Before it was cleared away, I went to look at today's burned out bus. I couldn't see the hood of the bus. "It was fiberglass and just melted," I was told. The skeleton of the seat frames where I surely have sat in the 4 years I've been riding the buses were naked, stark, and very depressing. I could smell the burned out hulk. It reminded me that, after a fall in 2009, the only smell that my nose recognizes is burning — not the smell of chocolate, nor the delight of coffee, nor the fragrance of any flowers. Except for the smell of burning, I can only smell by memory.

Way before 2009, I was able to smell things like a normal person. I associated a burning smell with magical starlit nights watching a campfire while camping. The first time I was really aware of an unpleasant burning smell was when my car was bombed.
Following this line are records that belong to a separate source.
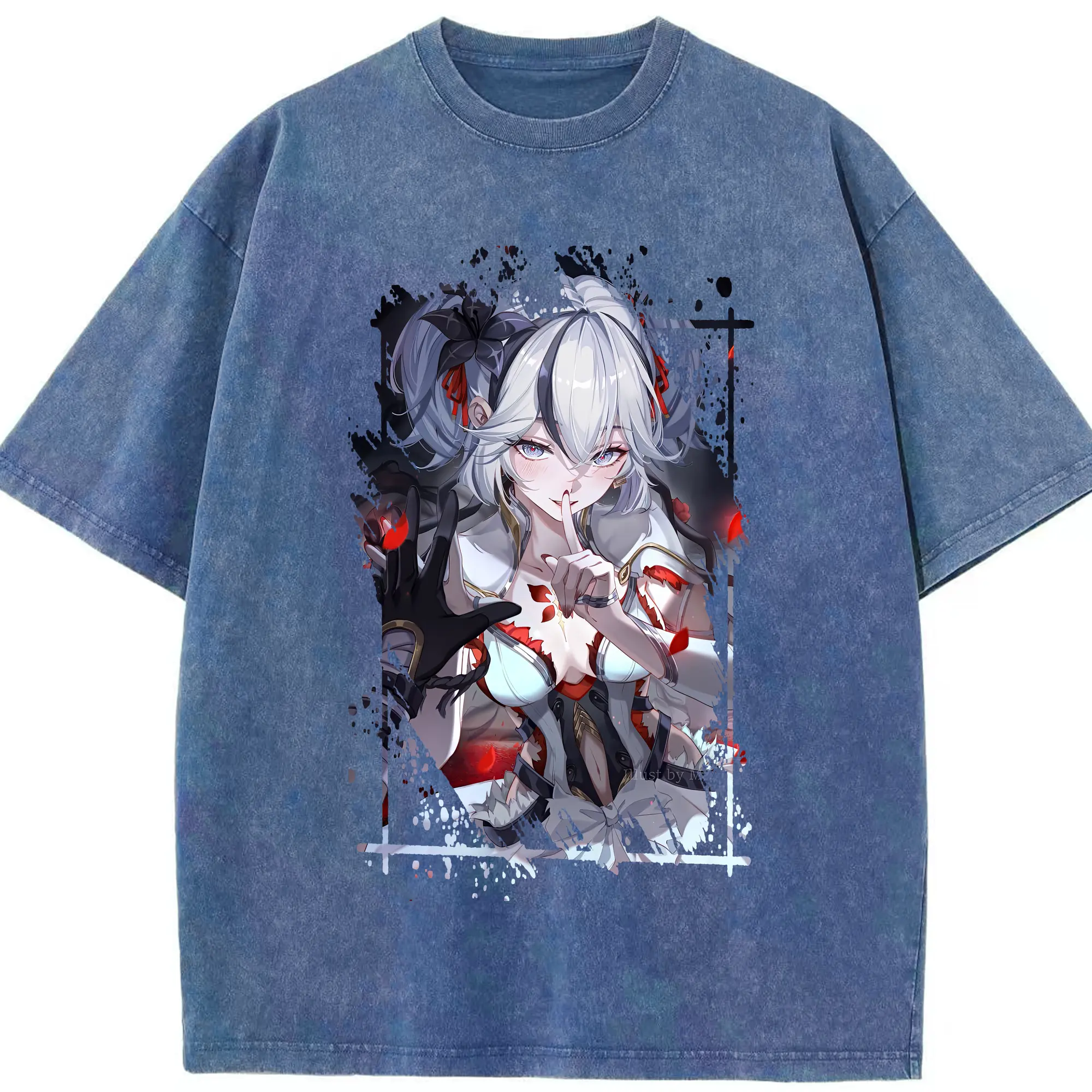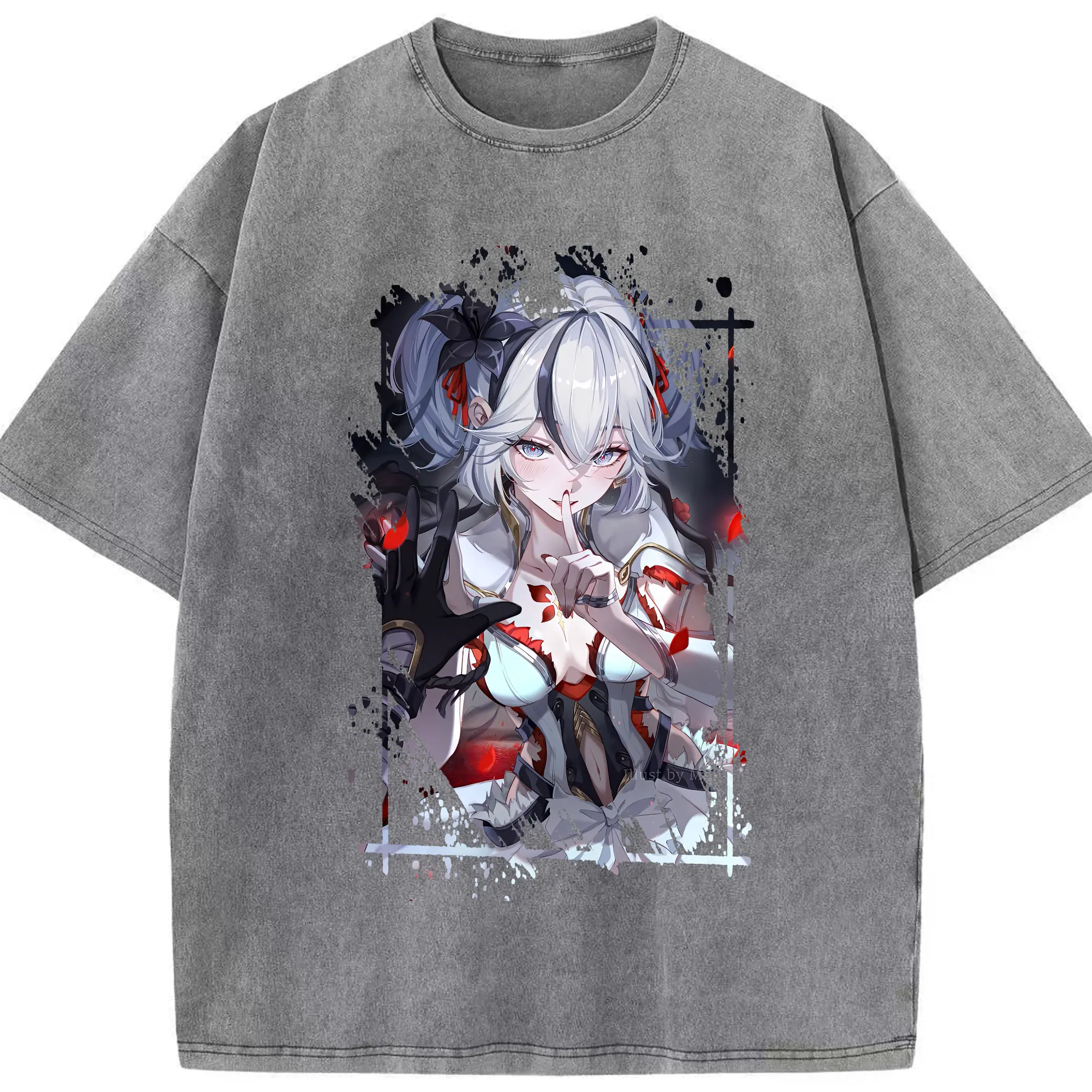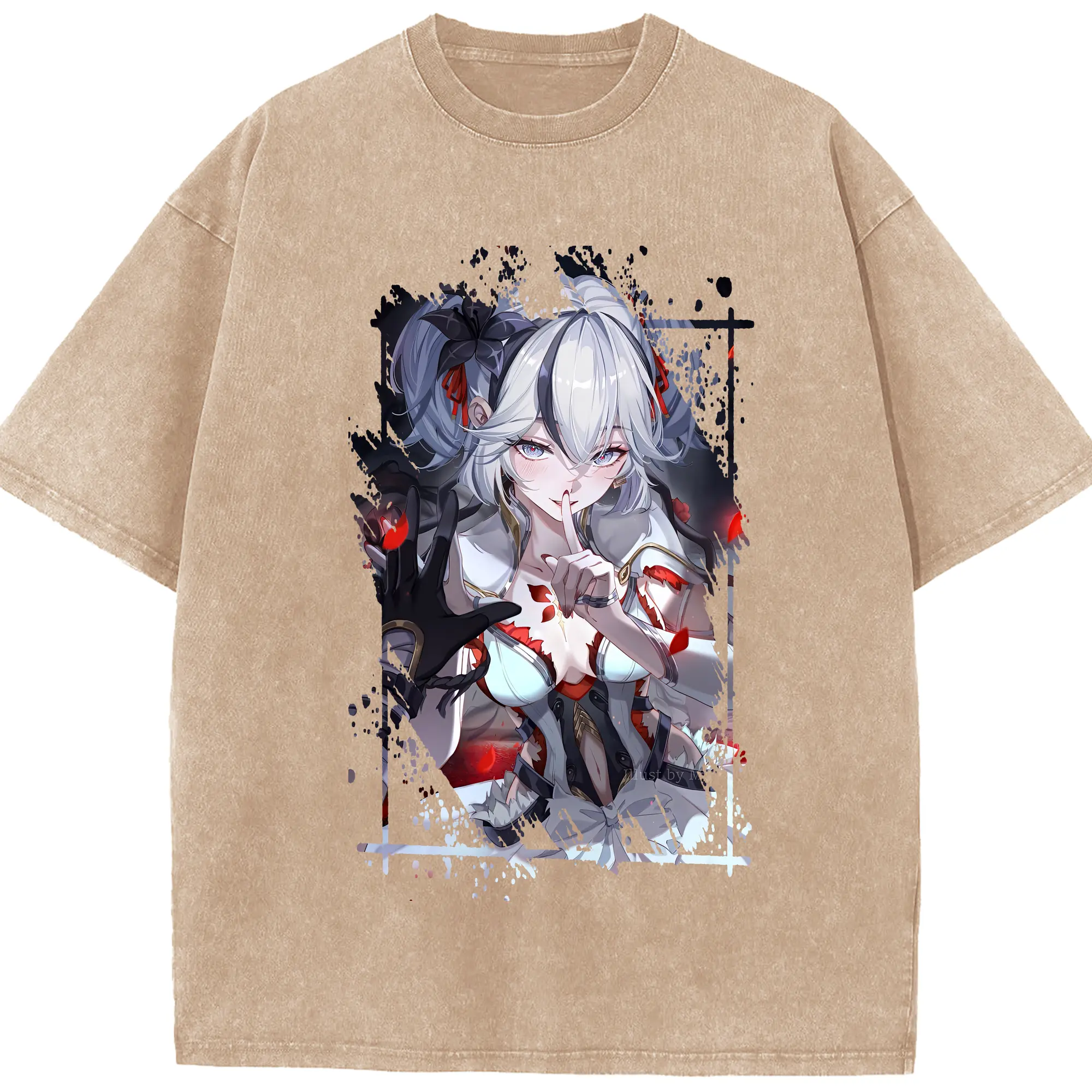 鳴潮 グッズ ツバキ - 綿100% ヴィンテージ風 半袖Tシャツ ・ 背面プリント ・ 柔らか肌触り ・ 通気性 快適 ・ スポーツ カジュアル 外出用
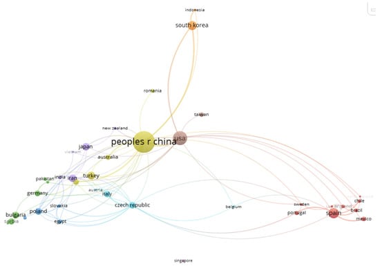 Most authors who have published articles about paulownia, belong to the People’s Republic of China. In addition, there is a wide exchange of collaborative groups among countries all over the world, except for Singapore (Figure 6). In Singapore, only one institution deals with paulownia that works independently. The published articles of this country were all by the same group of authors and were on the same topic, i.e., in vitro culture.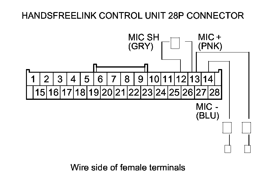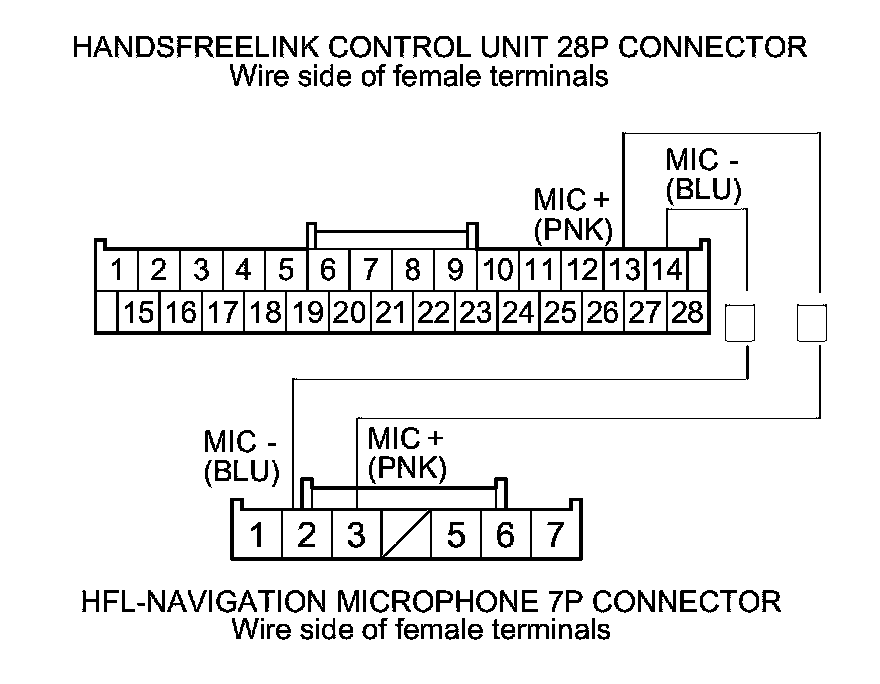 10. Check for continuity between HandsFreeLink control unit 28P connector terminals No. 13 and No. 14 and HFL-navigation microphone 7P connector terminals No. 3 and No. 2 respectively.

I was a Jewish community worker living in an Israeli-Arab town when the Intifada of 1988 started. My wonderful leafy green car was one of the Intifada's victims. One night while the town slept, gas was poured over the front tires and ignited. I didn't wake up when the fire engines came. My neighbors woke me up to the unbelievable wreck of my car. The trunk was still in tact, so I took items out of it for safe keeping. Among other things, the electronic typewriter in the trunk never lost an odd smokey smell I hated.

And then there was the bus I had taken from Tel Aviv to Jerusalem the day before a terrorist grabbed the steering wheel and directed it over a cliff. It caught fire. Many died. I happened to be on the same road the day they pulled the burned out hulk up the cliff. It looked like the bus did today, only larger. And the smell of burning was strong.

I can't look at a picture of a crash like the one that killed 10 in California just this week without being aware of a smell of burning. Nor the photos on tv news of burned out cars in war torn countries. Will I ever be able to smell anything else ever again?